Concerns abound over asphalt plant

Ballston planners may require additional environmental review

— Residents continue to be wary of a plan to build a new asphalt plant at the Curtis Industrial Park in the Town of Ballston.

Nearly 100 residents attended a Planning Board meeting on Wednesday, Dec 14, where experts and officials from Callanan Industries Inc., a sister company of Dolomite Products Co., presented their plans for a third time.

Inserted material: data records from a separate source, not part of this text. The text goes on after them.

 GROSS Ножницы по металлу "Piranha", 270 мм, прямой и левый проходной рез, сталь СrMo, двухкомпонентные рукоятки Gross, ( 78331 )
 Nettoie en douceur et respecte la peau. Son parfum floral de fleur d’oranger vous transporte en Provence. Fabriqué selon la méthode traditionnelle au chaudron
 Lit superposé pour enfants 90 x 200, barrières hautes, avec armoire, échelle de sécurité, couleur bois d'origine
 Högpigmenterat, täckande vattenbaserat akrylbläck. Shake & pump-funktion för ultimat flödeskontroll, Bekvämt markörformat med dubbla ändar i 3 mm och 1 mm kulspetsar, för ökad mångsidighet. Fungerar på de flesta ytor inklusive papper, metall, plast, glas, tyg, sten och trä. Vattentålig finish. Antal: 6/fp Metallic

At the meeting, experts hired by the company addressed potential environmental and traffic impacts, health risks, safety issues and noise concerns.

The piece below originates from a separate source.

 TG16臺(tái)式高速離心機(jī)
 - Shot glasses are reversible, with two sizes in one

The meeting lasted more than three hours.

“I think the primary concern is the impact of traffic on this project and we have been asked to provide additional information,” said Stephanie Ferradino, a lawyer for Callanan Industries, Inc.

Planning Board Chairman Richard Doyle, said considering the amount of concerns still voiced by citizens at the meeting, he does not feel the board is ready to vote on the project at its meeting in January.

“I know I don’t have huge environmental concerns, but residents do,” he said.

The asphalt plant would sit on a 10-acre site on Route 67 between two small New York State Department of Environmental Conservation wetland pockets and small isolated wetlands.

The plant would not be within the Ballston Lake Watershed, but is within the Round Lake Watershed.

Dr. Richard Hirst, a consultant from H2H Associates with expertise in geological and environmental services, said he has found no adverse effects to the lake’s ecosystem mostly due to the topography of the site in relation to the lake. Also, liquid asphalt, which is used to mix the batches with aggregates like sand and stone, hardens at ambient temperatures so there is little risk of it soiling any groundwater.

“The proposed action has the potential to have an adverse impact to air and groundwater quality. However, assuming the facility will be constructed and operated with all applicable federal and state environmental regulations, then a ‘significant’ adverse impact would not be anticipated,” he said.